**Provided material:**

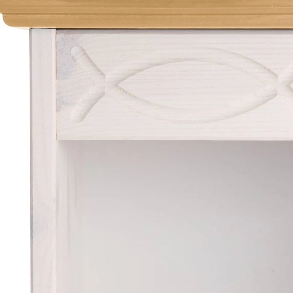 Die sorgfältig weiß lackierte Oberfläche lässt die einzigartige Holzmaserung dezent durchscheinen – ein liebevolles Detail, das dem Regal Leichtigkeit und Tiefe verleiht. So entsteht ein harmonisches Zusammenspiel aus klassischer Eleganz und natürlicher Ursprünglichkeit. Diese Verarbeitung schützt nicht nur das Holz, sondern bewahrt seinen authentischen Charakter.
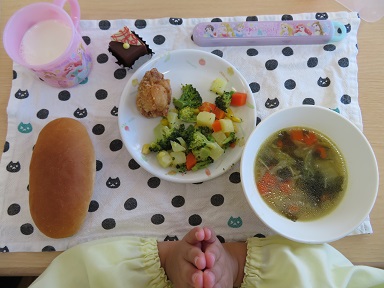誕生会の日の献立です。カラフルですね。ケーキには模様入りチョコレートのプレートがあしらってありました。
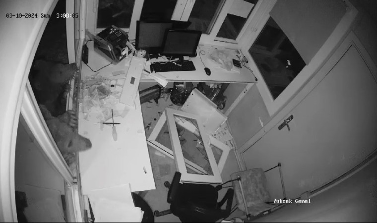 Uludağ’ın ormanlarında yiyecek bulamayan ayılar, insanların yaşadığı ortamlara inerek yiyecek aramaya devam ediyor. Güvenlik kameralarına yansıyan son görüntüler, Sarıalan Bölgesinde kayda alındı. 2 yavrusu ile birlikte yiyecek arayan ayı, önüne gelen ne varsa yıktı geçti. Yavrularını doyurmak için yiyecek bulmak zorunda olan yetişkin ayı, çöp konteynerlerinde bir şey bulamayınca, Macera Park’ın güvenlik kulübesine girmeye çalıştı. Gişenin camını zorlayarak indiren ayı, içeri giremeyince diğer camı da zorlayarak kırdı.

**Assignment:**
Pictures aside, repeat exactly every line from the top of the listing above through the line bearing "誕生会の日の献立です。カラフ", inclusive.

**Solution to the exercise:**
 Die sorgfältig weiß lackierte Oberfläche lässt die einzigartige Holzmaserung dezent durchscheinen – ein liebevolles Detail, das dem Regal Leichtigkeit und Tiefe verleiht. So entsteht ein harmonisches Zusammenspiel aus klassischer Eleganz und natürlicher Ursprünglichkeit. Diese Verarbeitung schützt nicht nur das Holz, sondern bewahrt seinen authentischen Charakter.
誕生会の日の献立です。カラフルですね。ケーキには模様入りチョコレートのプレートがあしらってありました。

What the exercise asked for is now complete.